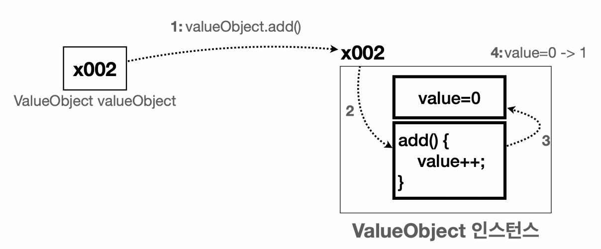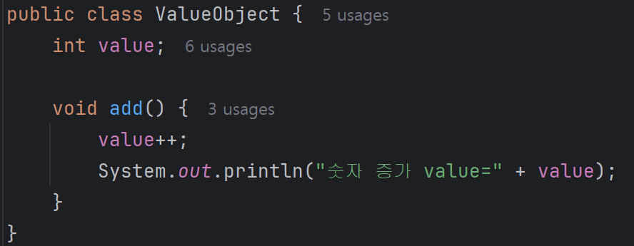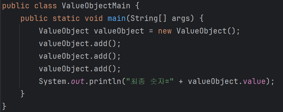 → ValueObject 클래스에 `add()` 메서드를 정의하였다. (`static void` 가 아닌 그냥 `void`)
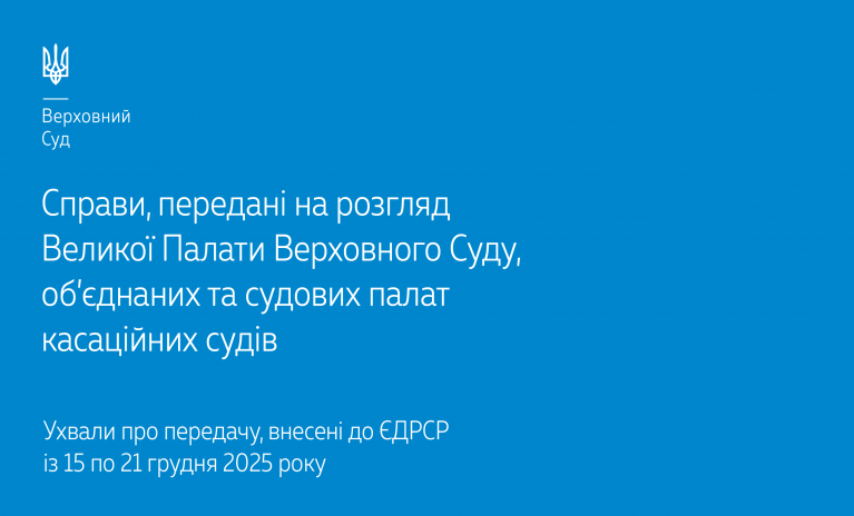 Цього тижня знайомимо вас зі справами, переданими на розгляд Великої Палати Верховного Суду, об’єднаних та судових палат касаційних судів відповідно до ухвал про передачу, внесених до ЄДРСР із 15 по 21 грудня 2025 року.
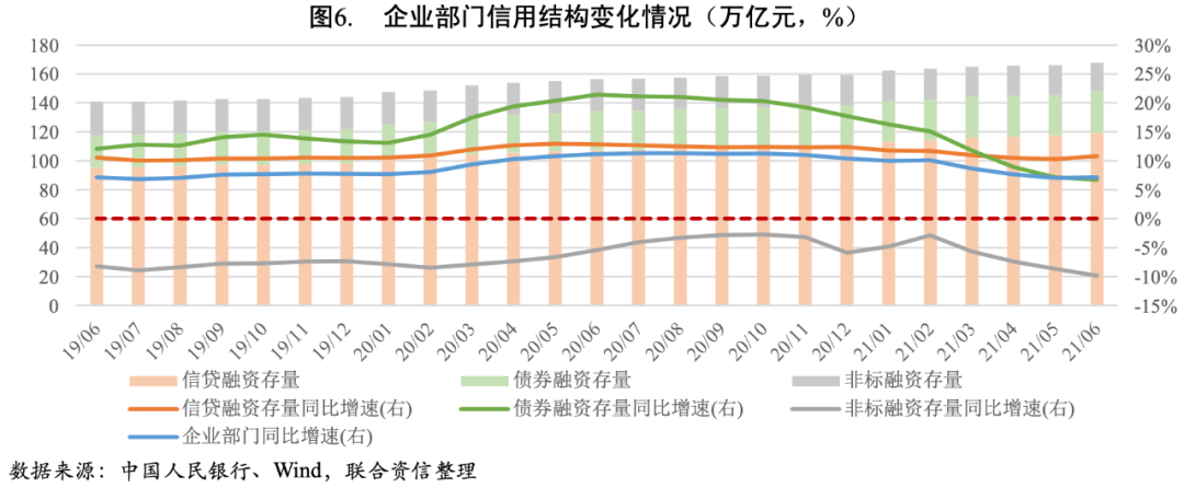 企業部門信用結構進一步分化。在上年同期高基數影響下,截至2021年6月末,企業部門信貸融資、債券融資以及非標融資存量同比增速均有所下降。信貸融資基本保持平穩增長,同比增速小幅下降1.58個百分點至10.78%。2021年上半年非金融企業部門新增人民幣貸款8.37萬億元,為僅次于上年同期的歷史較高值。從結構來看,中長期貸款仍是主導地位,新增6.62萬億元,創歷史新高,反映出企業資本開支需求旺盛;新增短期貸款與票據融資同比少增,反映出企業流動性管理訴求趨于正常。債券融資下降明顯,同比增速大幅下降10.98個百分點至6.72%。上半年新增債券融資規模不及上年同期的一半,除上年高基數影響之外,上半年企業債券發行利率較上年同期顯著升高、4月底出臺政策加強公司債信息披露要求和限制發行規模以及募集用途等因素可能也對企業發債產生一定抑制作用。非標融資持續壓降,同比增速進一步下降3.96個百分點至-9.84%。上半年非標融資規模收縮8437億元,同比多減8698億元。
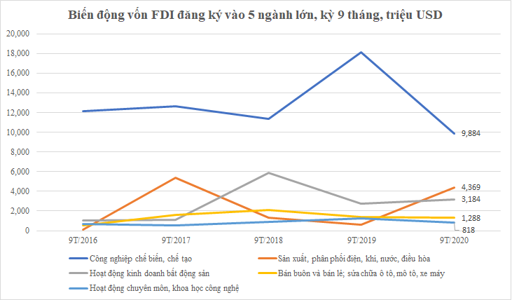 6 ngành có vốn FDI tăng trưởng 9 tháng đầu năm 2020.
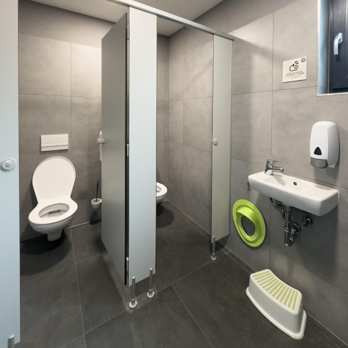 V sociálnom zariadení sa nachádzajú aj pánske a dámske toalety, sprchy a rodinná sprcha.
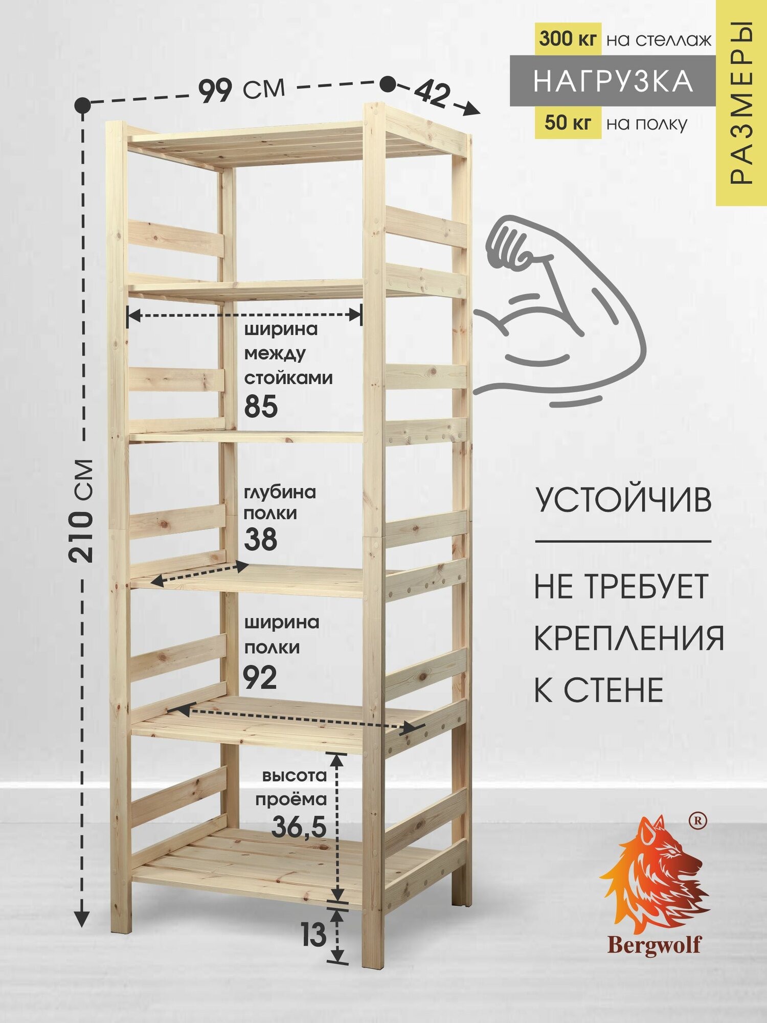 Стеллаж из массива дерева 210х99х42 см, отшлифован, 6 полок, нагрузка 300 кг интересное:

What you have to do: Reprint the whole listing above exactly, taking out the pictures.

Solution to this task:
 → ValueObject 클래스에 `add()` 메서드를 정의하였다. (`static void` 가 아닌 그냥 `void`)
 Цього тижня знайомимо вас зі справами, переданими на розгляд Великої Палати Верховного Суду, об’єднаних та судових палат касаційних судів відповідно до ухвал про передачу, внесених до ЄДРСР із 15 по 21 грудня 2025 року.
 企業部門信用結構進一步分化。在上年同期高基數影響下,截至2021年6月末,企業部門信貸融資、債券融資以及非標融資存量同比增速均有所下降。信貸融資基本保持平穩增長,同比增速小幅下降1.58個百分點至10.78%。2021年上半年非金融企業部門新增人民幣貸款8.37萬億元,為僅次于上年同期的歷史較高值。從結構來看,中長期貸款仍是主導地位,新增6.62萬億元,創歷史新高,反映出企業資本開支需求旺盛;新增短期貸款與票據融資同比少增,反映出企業流動性管理訴求趨于正常。債券融資下降明顯,同比增速大幅下降10.98個百分點至6.72%。上半年新增債券融資規模不及上年同期的一半,除上年高基數影響之外,上半年企業債券發行利率較上年同期顯著升高、4月底出臺政策加強公司債信息披露要求和限制發行規模以及募集用途等因素可能也對企業發債產生一定抑制作用。非標融資持續壓降,同比增速進一步下降3.96個百分點至-9.84%。上半年非標融資規模收縮8437億元,同比多減8698億元。
 6 ngành có vốn FDI tăng trưởng 9 tháng đầu năm 2020.
 V sociálnom zariadení sa nachádzajú aj pánske a dámske toalety, sprchy a rodinná sprcha.
 Стеллаж из массива дерева 210х99х42 см, отшлифован, 6 полок, нагрузка 300 кг интересное:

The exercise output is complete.